WHAT YOU SHOULD DO => Once you find the line with "Нов Стабилен Органайзер" in the listing below, set down exactly every line from it through the line with "So speculating on", but no pictures.

DATA SUPPLIED =>

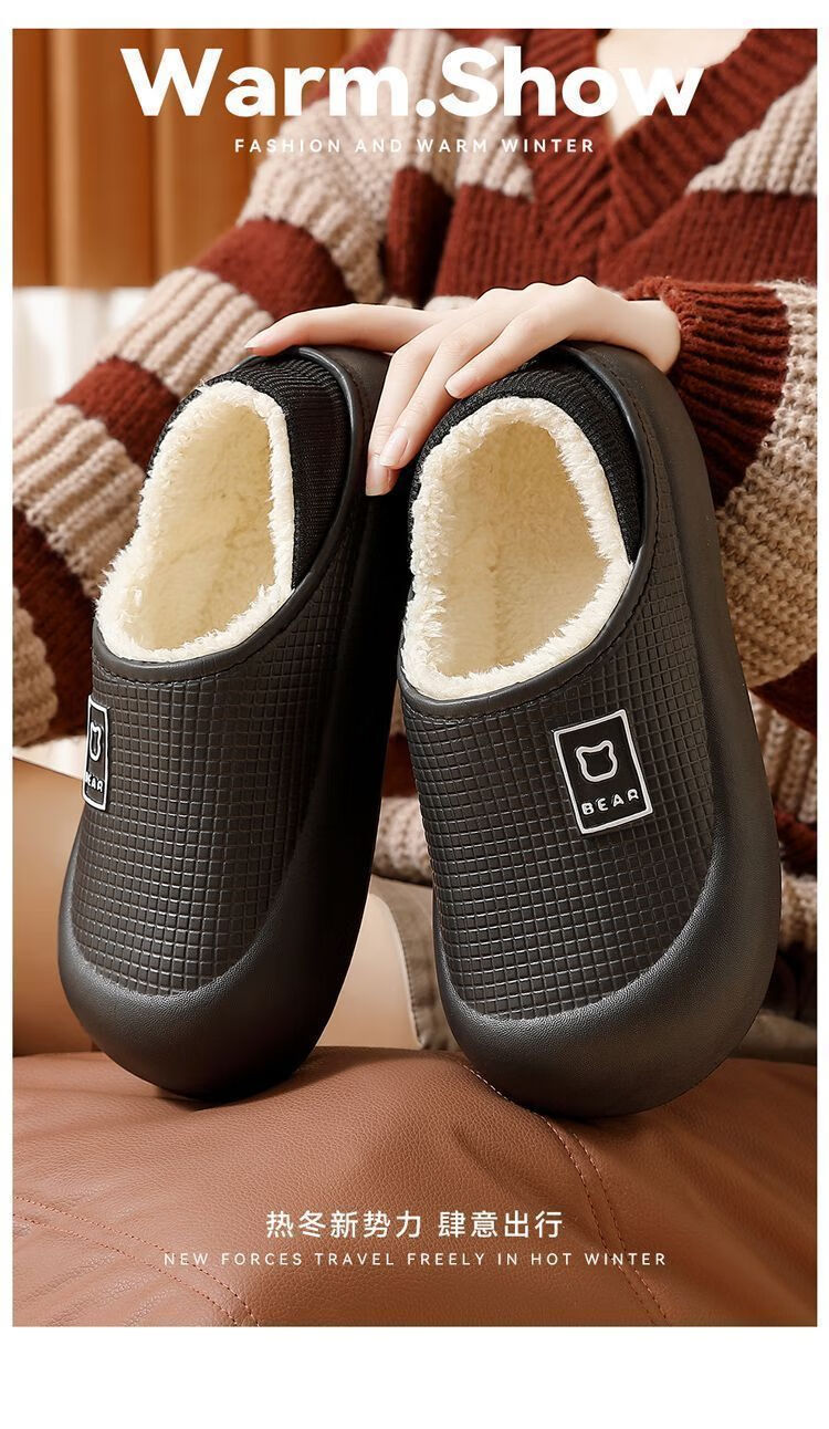 买一送一防水棉拖鞋女冬季包跟2024新款防滑室内家居保暖棉鞋男士 粉色+粉色【加绒保暖实惠两 36 -37+38-39
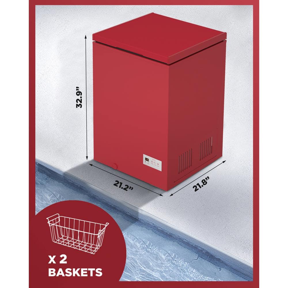 Deeshe 21.8 in., 3.5 cu. ft., Manual Defrost Chest Freezer Free-Standing Top Door Freezer in Red/Orange
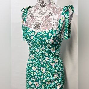 Kelly green floral Malibu midi dress from WAYF, Size S. Dress has adjustable tie shoulder straps and ruched waist and skirt.
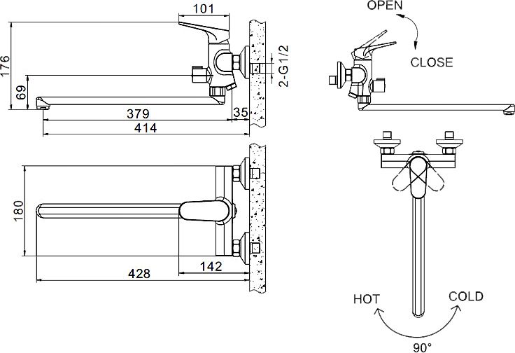 стандартным ванным и раковинам. Корпус смесителя Eler
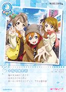 【등장 시】당신의 대기 중인 멤버에 「호노카」가 있다면, 카드를 1장 뽑는다. 【라이브 성공 시】이 《라이브》에 「코토리」가 참가하고 있다면, 카드를 1장 뽑는다. |
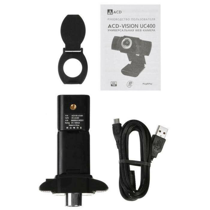 WEB Камера ACD-Vision UC400 CMOS 1.3МПикс, 1280x720p, 30к/с, микрофон встр., USB 2.0, шторка объектива, универс. крепление, черный корп. интересное:
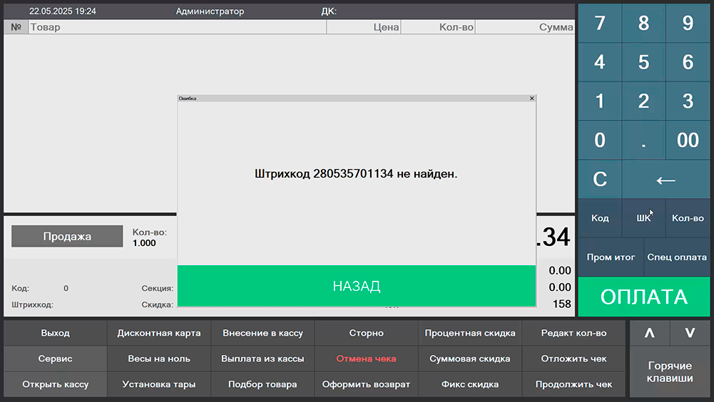 Когда мы сканируем этот штрих-код на кассе, получаем сообщение о том, что такой штрих-код не найден. По формату «код-цена», Кассир 5 пытается найти у нас товар с кодом 05357, но такого у нас нет.
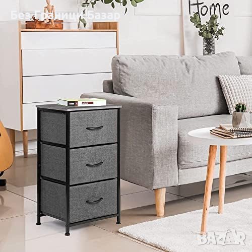 Нов Стабилен Органайзер Нощно шкафче с 3 Чекмеджета, Винтидж Дизайн - Сив
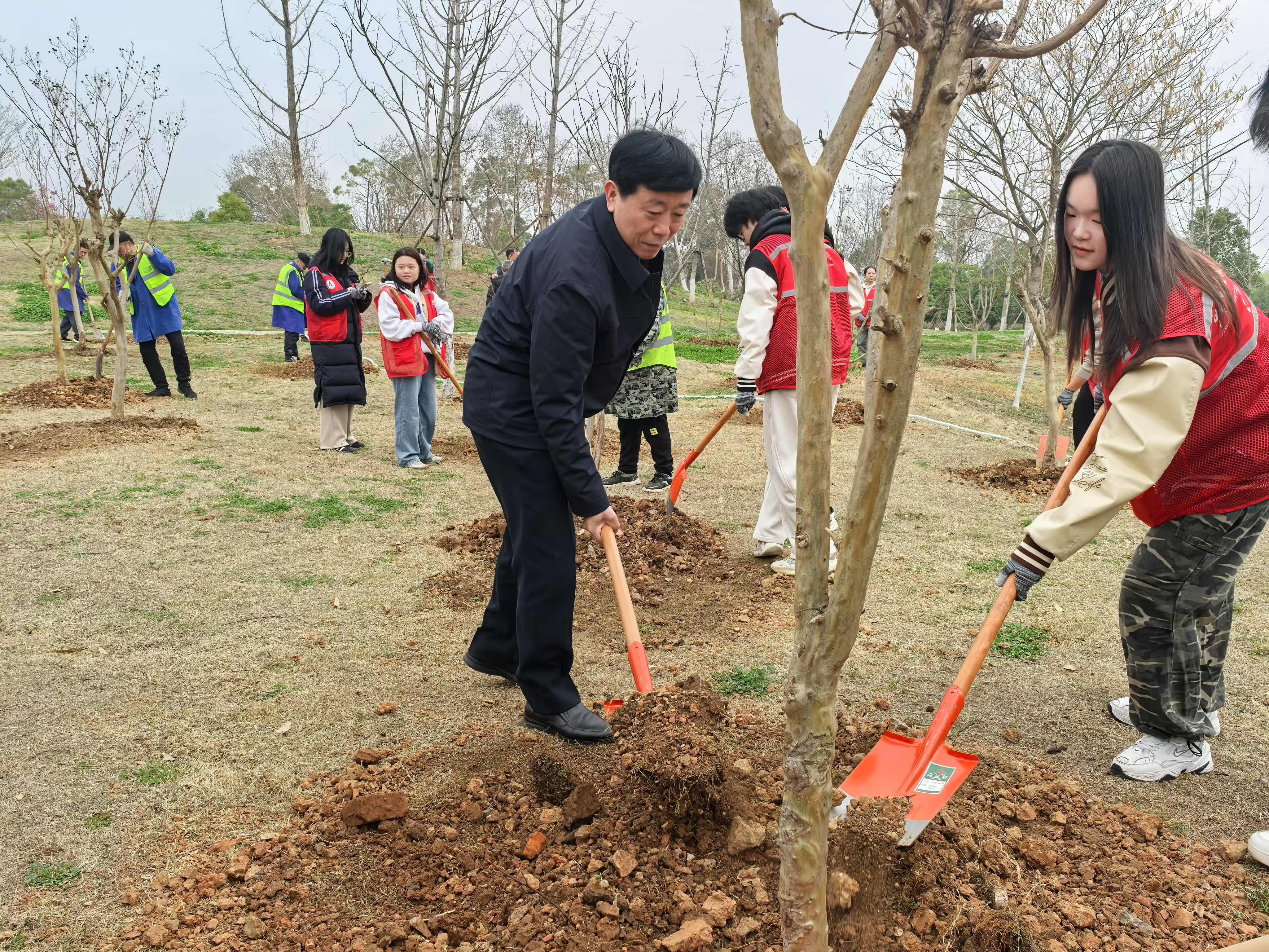 新闻网讯(通讯员 古丽米热·艾尔西丁 摄影 杜鹏 彭佳)3月11日上午,学校在南湖校区开展2025年植树节义务植树活动。校党委书记侯振发,党委副书记、纪委书记申祖武,党委常委、副校长陈柏峰和学校相关职能部门负责人、师生代表百余人共同参加活动。
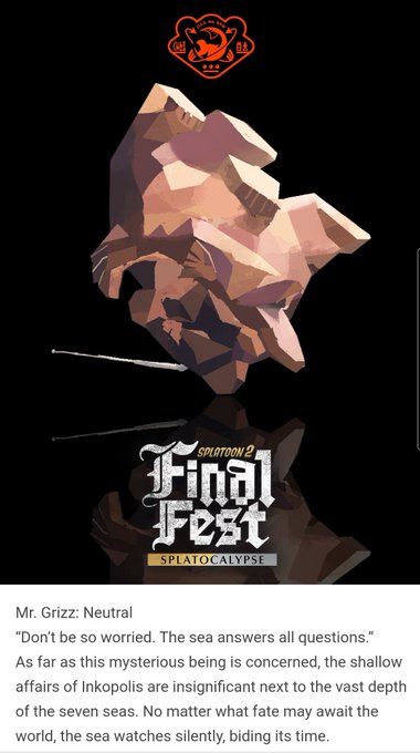 So speculating on Splatoon 3. I have always thought it would be around Mr. Grizz/Salmonid. Some said Chaos=DJ Order=Phone, but I always thought it was weird that Grizz was neutral. Especially when the SOS happened. So my theory was that Chaos or Order, we would still get salmon.
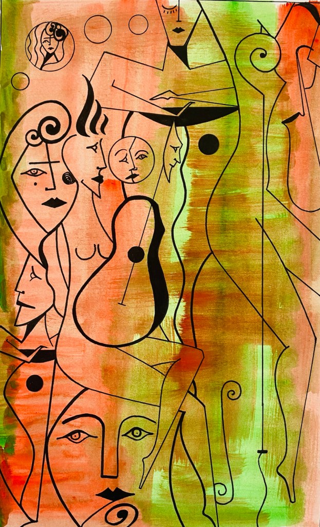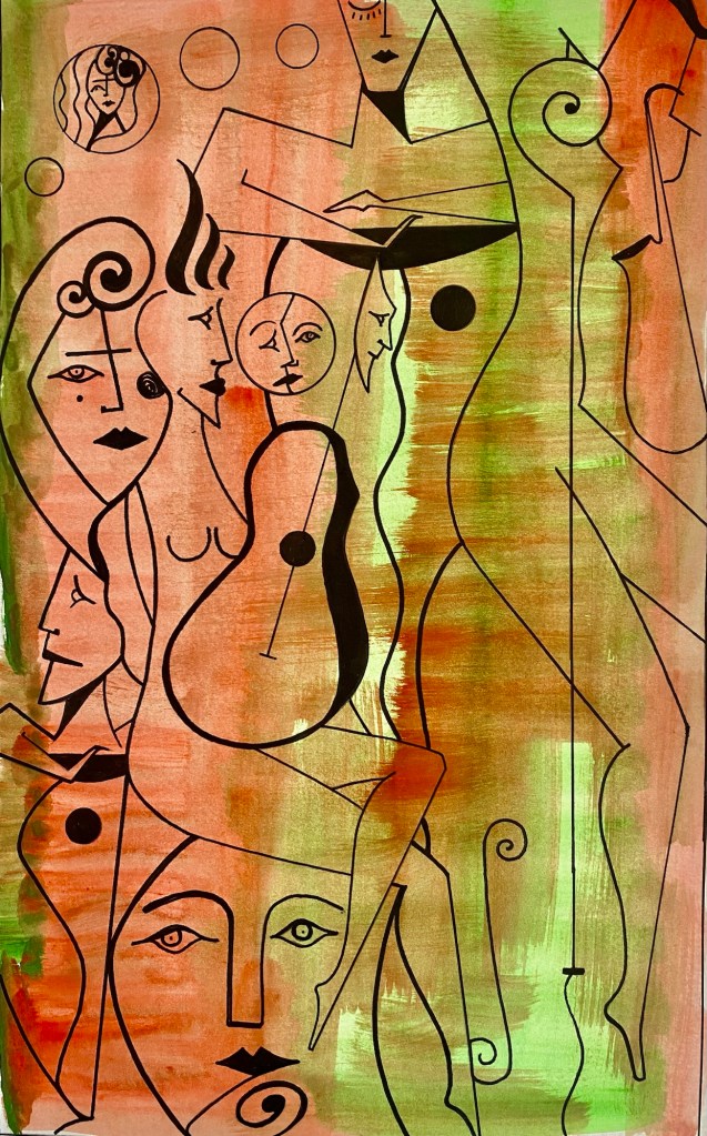 The Euro-Ku, a style I developed in 2022, is the way a Western poet/writer can best approach a style of poetry native to Japan, the Haiku. As someone who does not have the history or the culture of an authentic Japanese poet, it is impossible to do justice to that honorable and long tradition. Therefore, wishing to honour the style but to give it the spirit that a work of art has when it is made in accordance to one’s place and time, I invented this new form, the Euro-Ku. It has three lines (stanzas, verses) but without a syllabic count (as our language does not have the same rhythms as the Japanese language), and each line must follow the previous one logically and sensibly. The lines cannot just go off floating in the air, as that works in Japanese but not in Western languages. And finally the poem must be accompanied by an illustration also of the authorship of the poet. Simple, clear, spiritual and in accordance to Western history and culture.

RESULT =>
 Нов Стабилен Органайзер Нощно шкафче с 3 Чекмеджета, Винтидж Дизайн - Сив
 新闻网讯(通讯员 古丽米热·艾尔西丁 摄影 杜鹏 彭佳)3月11日上午,学校在南湖校区开展2025年植树节义务植树活动。校党委书记侯振发,党委副书记、纪委书记申祖武,党委常委、副校长陈柏峰和学校相关职能部门负责人、师生代表百余人共同参加活动。
 So speculating on Splatoon 3. I have always thought it would be around Mr. Grizz/Salmonid. Some said Chaos=DJ Order=Phone, but I always thought it was weird that Grizz was neutral. Especially when the SOS happened. So my theory was that Chaos or Order, we would still get salmon.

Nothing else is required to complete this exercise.